What is Aquatic Toxicology?

Instructor: Sarah Friedl

Sarah has two Master's, one in Zoology and one in GIS, a Bachelor's in Biology, and has taught college level Physical Science and Biology.

Water is essential to life, but clean water is even more essential. Studying things in the water and how they affect aquatic life is a big task, but one that is taken on boldly by the field of aquatic toxicology.

Down the Drain

When you wash dirt from your hands, dishes, and clothes, or even flush your toilet, where do you think that stuff goes?
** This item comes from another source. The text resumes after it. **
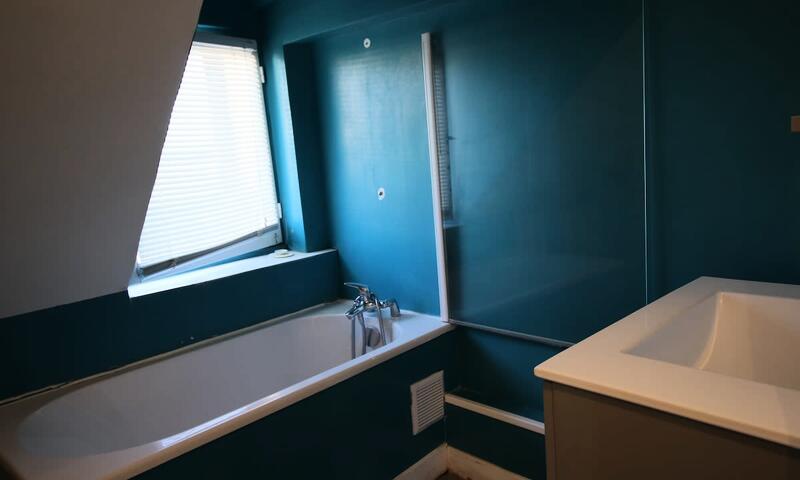 Vous trouverez également une salle de bain avec une baignoire, un lavabo, un miroir, un lave-linge et WC.

If you live in a developed country, such as the United States, the dirty water sometimes gets treated at a water treatment facility and cleaned for re-use.

But other things, such as pollution in the air, fertilizers on the ground, and even many things that do go down the drain end up in lakes, rivers, streams, and the oceans. Aquatic toxicology is the field that studies the effect of these pollutants, compounds, and nutrients on the plants and animals that live in the water. The effects may be small scale and affect individuals, or they may be ecosystem-wide.

Agricultural runoff puts many substances in the water that affect aquatic life
agricultural runoff

Broad Implications

The field of aquatic toxicology is a broad one. It includes studying toxins in sediments and the water, both short- and long-term effects of toxins in plants and animals, and the sensitivity of organisms to contaminants. It also involves standardizing toxicity test methods and comparing how laboratory studies relate to issues int he actual environment.

One important thing that aquatic toxicology looks at is relationships. It is a field that exposes the 'big picture' of what might initially seem like a small problem. Take for example, the widely-used pesticide atrazine, which acts as an endocrine disrupter in frogs. As the name implies, these are things that interfere with or disrupt the endocrine system. What atrazine does is turn 1 in 10 male frogs into females. This may not sound like a lot, but despite the fact that this isn't a natural process, and that the new 'female' frogs can successfully mate with natural male frogs, all of their offspring will be male, which will skew the population so far that it will eventually be wiped out.

Accumulating and Magnifying Contaminants

Two other types of relationships that aquatic toxicology looks at are bioaccumulation, which is when an organism takes up (accumulates) a substance in its tissues faster than it can expel it, and biomagnification, which is when a substance increases in concentration as it moves up the food chain.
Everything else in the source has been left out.